Somatic copy number variation and mutational signature
Using both aligned reads and identified mutations, we studied the genetic aberrations that distinguish cases from controls, including mutations and CNVs. We identified the somatic mutations or CNVs that were common to both the cases’ benign biopsy tissue as well as paired malignant lesions for the ten cases in which we had both tissues available. P-values were derived with the use of Chi-square test or logistic regression. We also studied the mutations to enable the discovery of mutational signatures. Lastly, we evaluated machine learning models and features for breast cancer risk prediction for the cohort. Benjamini-Hochberg method was applied to convert the two-sided P-values to False Discover Rate (FDR) for multi-comparison correction.

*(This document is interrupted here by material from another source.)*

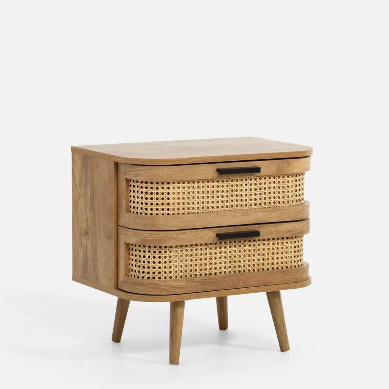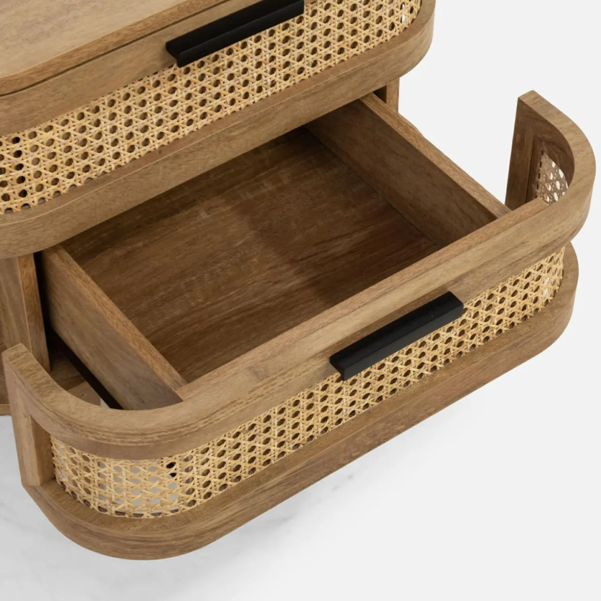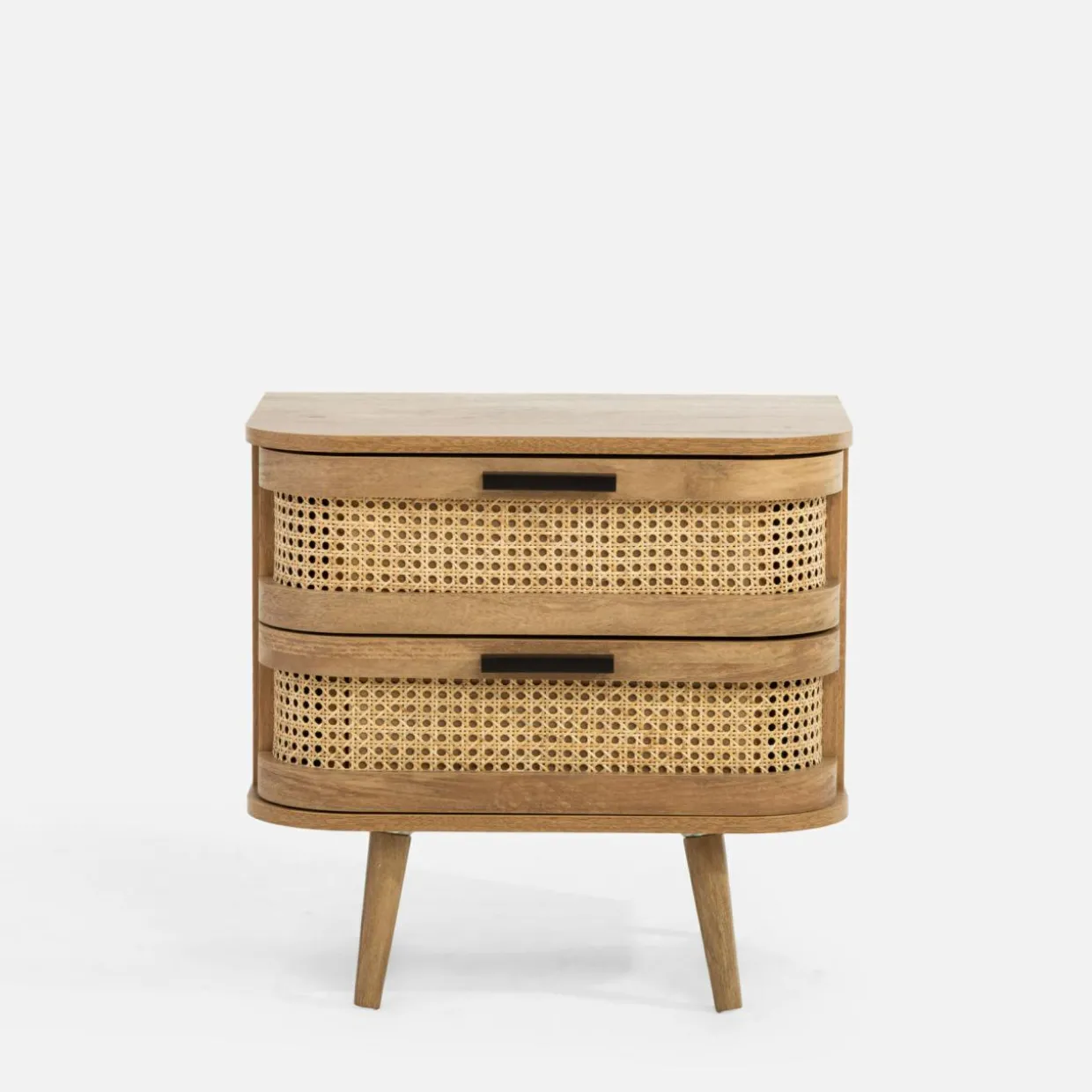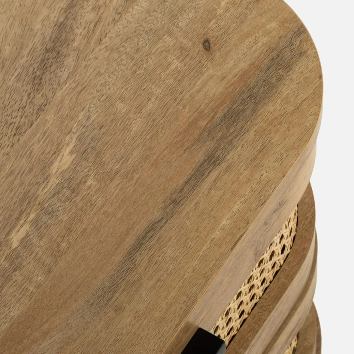 Szafka nocna FABLA w stylu boho łączy plecionkę wiedeńską z odcieniem mango wood, tworząc przytulną atmosferę w sypialni.

A Mutational Signature study was performed to reveal underlying mutational processes for cancer development. The identified somatic mutations were presented as a 96-element vector, which captures the immediate 5′ and 3′ neighbors of the mutated nucleotides. The summary of these mutation characteristics forms a mutational profile for each tissue sample. Putting multiple samples’ profiles together form a matrix with the number of samples as rows (204) and the mutation characteristics as columns (96). Nonnegative matrix factorization (NMF) was applied to enable the discovery of intrinsic patterns in this matrix. The first value where the Residual Sum of Squares (RSS) curve presents an inflection point was used to determine the number of signatures. In total, three signatures were discovered among the cases and controls, or combined. The outputs of NMF consist of an H matrix and a W matrix. The matrix H (dimension of 3 × 96) was used to infer mutational processes. The numbers in matrix W (dimension of 204 × 3) correspond to each samples’ signature exposure levels. This matrix was interpreted as each tissue sample’s accumulated exposure effect to the mutational burden. We further evaluated the association between the signature exposure level and cancer development with logistic regressions, adjusting for age and histology class.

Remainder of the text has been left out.